Federal prosecutors completed investigations into a total of 1,878 hate crime suspects from 2005 to 2019. Of those, only 17% of suspects were prosecuted by U.S. attorneys, according to Bureau of Justice Statistics.

“Think of all the hate crimes that are left on the table, where prosecutors find it so difficult to prove motivation that it’s almost like, what’s the use?” says Professor Hansford, who teaches law at Howard University in Washington, D.C.

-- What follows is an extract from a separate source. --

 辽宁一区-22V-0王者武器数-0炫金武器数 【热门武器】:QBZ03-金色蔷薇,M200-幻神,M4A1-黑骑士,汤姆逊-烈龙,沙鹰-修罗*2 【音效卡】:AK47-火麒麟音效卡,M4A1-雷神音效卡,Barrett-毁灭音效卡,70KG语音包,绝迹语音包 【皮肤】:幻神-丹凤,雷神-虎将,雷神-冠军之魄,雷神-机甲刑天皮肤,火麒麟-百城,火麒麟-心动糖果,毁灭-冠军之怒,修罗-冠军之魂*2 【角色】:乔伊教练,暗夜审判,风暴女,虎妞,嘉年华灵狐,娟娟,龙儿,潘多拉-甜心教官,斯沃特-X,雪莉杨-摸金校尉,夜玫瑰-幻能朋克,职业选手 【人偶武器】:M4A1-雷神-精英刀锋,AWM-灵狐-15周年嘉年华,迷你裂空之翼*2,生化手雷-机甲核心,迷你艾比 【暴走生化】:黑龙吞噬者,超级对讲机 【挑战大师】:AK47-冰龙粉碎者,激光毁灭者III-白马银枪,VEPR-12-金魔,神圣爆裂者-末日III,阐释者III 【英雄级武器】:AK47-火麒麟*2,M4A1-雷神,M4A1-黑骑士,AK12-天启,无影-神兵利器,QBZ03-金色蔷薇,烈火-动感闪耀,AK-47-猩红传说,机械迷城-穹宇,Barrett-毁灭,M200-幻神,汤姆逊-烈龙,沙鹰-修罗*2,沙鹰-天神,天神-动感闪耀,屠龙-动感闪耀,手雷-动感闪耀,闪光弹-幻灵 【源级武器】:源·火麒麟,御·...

Protesters stand outside the U.S. Courthouse in St. Paul, Minnesota, before opening arguments of the civil trial of three former Minneapolis police officers Jan. 24, 2022. Tou Thao, J. Alexander Kueng, and Thomas Lane are charged with violating George Floyd's civil rights when they took part in his deadly arrest in 2020.
Eric Miller/Reuters

Indeed, hate crime prosecutions are down in the United States. Conviction rates have risen, however, from 83% between 2005 and 2009 to 94% between 2015 and 2019.

That’s in part the result of the proliferation of online speech, which investigators have grown more adept at unearthing and using as evidence.

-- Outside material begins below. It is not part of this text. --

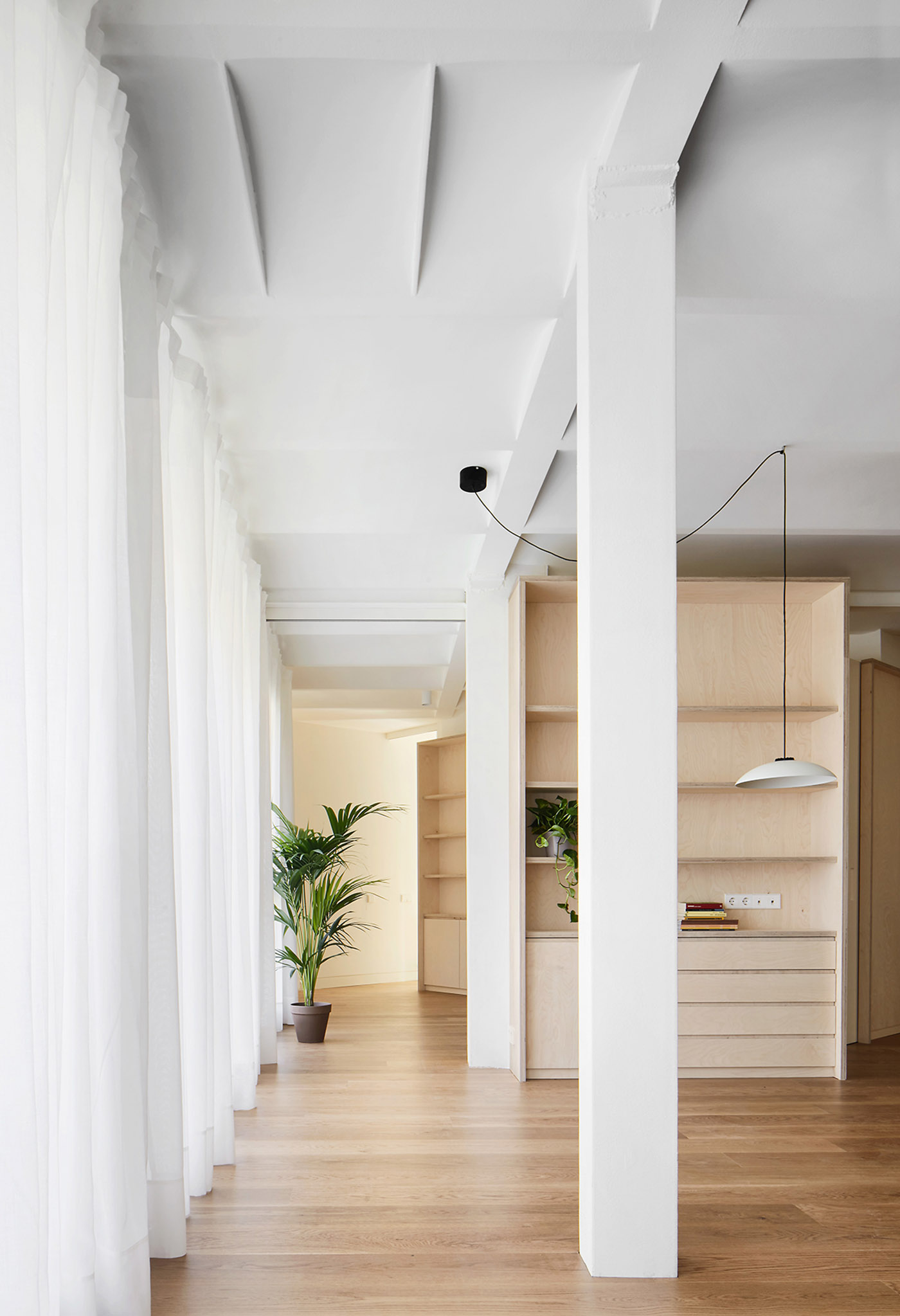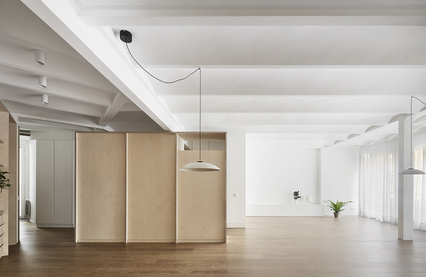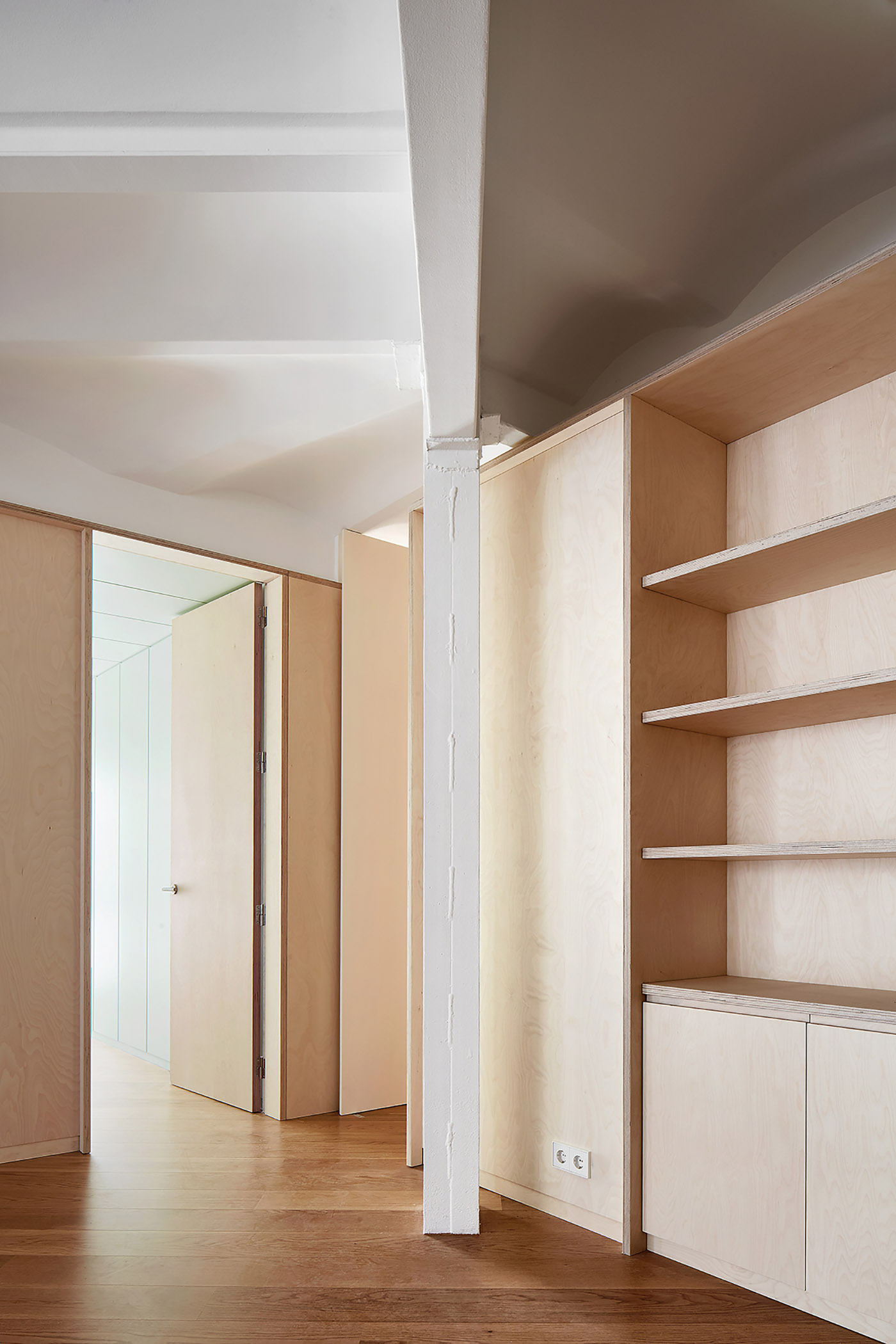 Precedentemente lo spazio era organizzato in una serie di piccole stanzi e corridoi con funzioni definitive, modellati da pareti non portanti. Demolendo le pareti, viene definito un involucro permanente all’interno del quale verranno organizzati ambienti abitabili tramite piccoli interventi . Il legno viene utilizzato per sottolineare il divorzio tra spazio e struttura

Moreover, hate crimes are “getting more violent and person directed,” writes Brian Levin, director of the Center for the Study of Hate and Extremism, in an email.

Researchers saw a 32% increase in hate crimes across 18 U.S. cites – with anti-Black hate crimes up by 18% – in 2021 over the previous year. 

Weapons-related hate crimes have also grown in recent years.

“Historically, hate crimes have been committed with fists and rocks and bats ... because offenders wanted to see the victim suffer,” says Jack McDevitt, a criminologist at Northeastern University in Boston. “That has now started to shift. We are seeing more and more guns used in these kinds of crimes. That changes the whole character of [this problem] dramatically.” 

Those dynamics have put pressure on prosecutors to address murkier ideas of motive. 

The federal civil rights trial of three former officers in Minneapolis who declined to come to the aid of George Floyd as he was pinned to the ground by ex-officer Derek Chauvin is centered on the mindset of the officers. The jury began deliberations in that case on Wednesday.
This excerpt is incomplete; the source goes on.